Estate planning is a process that involves your family, your property (both real estate and personal property), and the various forms of ownership. Estate planning also addresses your future needs in the event you ever become unable to care for yourself.
Through estate planning, you can determine:
* How your assets will be managed for your benefit during your lifetime.
* Whether it is appropriate to distribute any of your assets during your lifetime.
* Those persons who will receive your assets after your death.
* Who will manage your personal care and how health care decisions will be made.
Estate planning involves financial, tax, medical and business planning. A Will is part of the planning process, but you will need other documents as well to fully address your estate planning needs.
Everyone needs estate planning, whether your estate is large or small. Everyone should designate someone to manage assets and make health care decisions.
For a small estate, the primary focus is who will receive your assets after your death, however, you also need to name those persons you will put in charge of managing your property, both before and after death, and who will make your health care decisions in the event you lack capacity or are unable to communicate with medical professionals.
For those who fail to plan ahead, the Court will appoint someone to handle your estate and personal care decisions. After death, your assets will be distributed to your heirs according to a set of rules known as “intestate succession.” Contrary to popular myth, everything does not automatically “go to the State of California” if you die without a Will.
Most assets in your name alone at death will be subject to your Will. Some exceptions include accounts that have designated beneficiaries, such as life insurance policies, IRAs and other qualified retirement accounts. These types of assets pass directly to the beneficiaries and would not be included in your Will.
In addition, accounts in joint tenancy pass directly to the surviving co-owner regardless of any instructions in your Will.
Finally, assets that have been transferred to a revocable living trust will be distributed to your beneficiaries by the trustee of your trust, not through your Will.
It is important to note that if you own real estate worth more than $150,000, the property will not pass to your heirs without a formal court process known as “probate.” In order to avoid probate, the property needs to placed in a revocable living trust (also known as a revocable inter vivos trust or grantor trust). Assets are put into the trust, administered for your benefit during your lifetime and transferred to your beneficiaries when you die, all without the need for court involvement.
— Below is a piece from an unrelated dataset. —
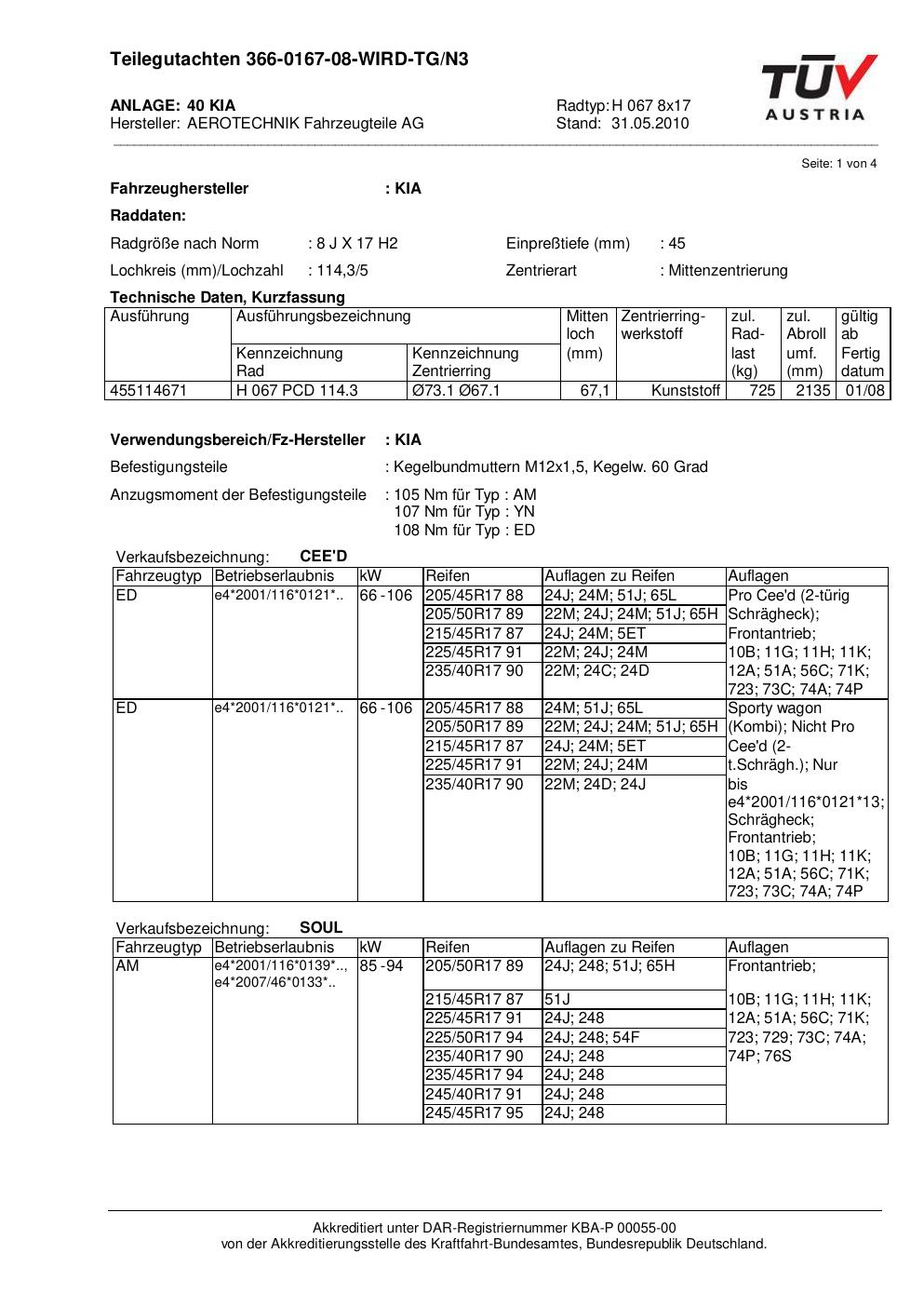 teilegutachten 366-0167-08 AEROTECHNIK H 067 8x17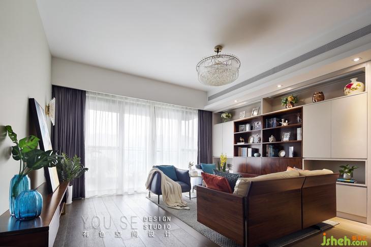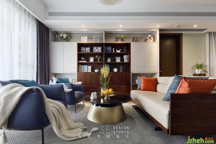整面的書柜在客廳不僅承載收納功能,也要有美觀的體驗,設(shè)計師精心設(shè)計的書柜,很有層次的展示陳列。

Most people name themselves as the trustee in charge of managing their living trust’s assets. By naming yourself as trustee, you can remain in control of the assets during your lifetime. In addition, you can revoke or change any terms of the trust at any time as long as you are still competent. (The terms of the trust become irrevocable when you die.)
In your trust agreement, you will also name one or more successor trustees who will manage the trust’s assets if you should ever become unable to do so. Your successor trustee would also take over the management and distribution of your assets when you die.
You should consult with a qualified estate planning attorney to assist you in the preparation of a living trust, your Will and other estate planning documents. Also, keep in mind that your choice of trustees is extremely important. The trustee’s management of your living trust assets will not be automatically subject to direct court supervision.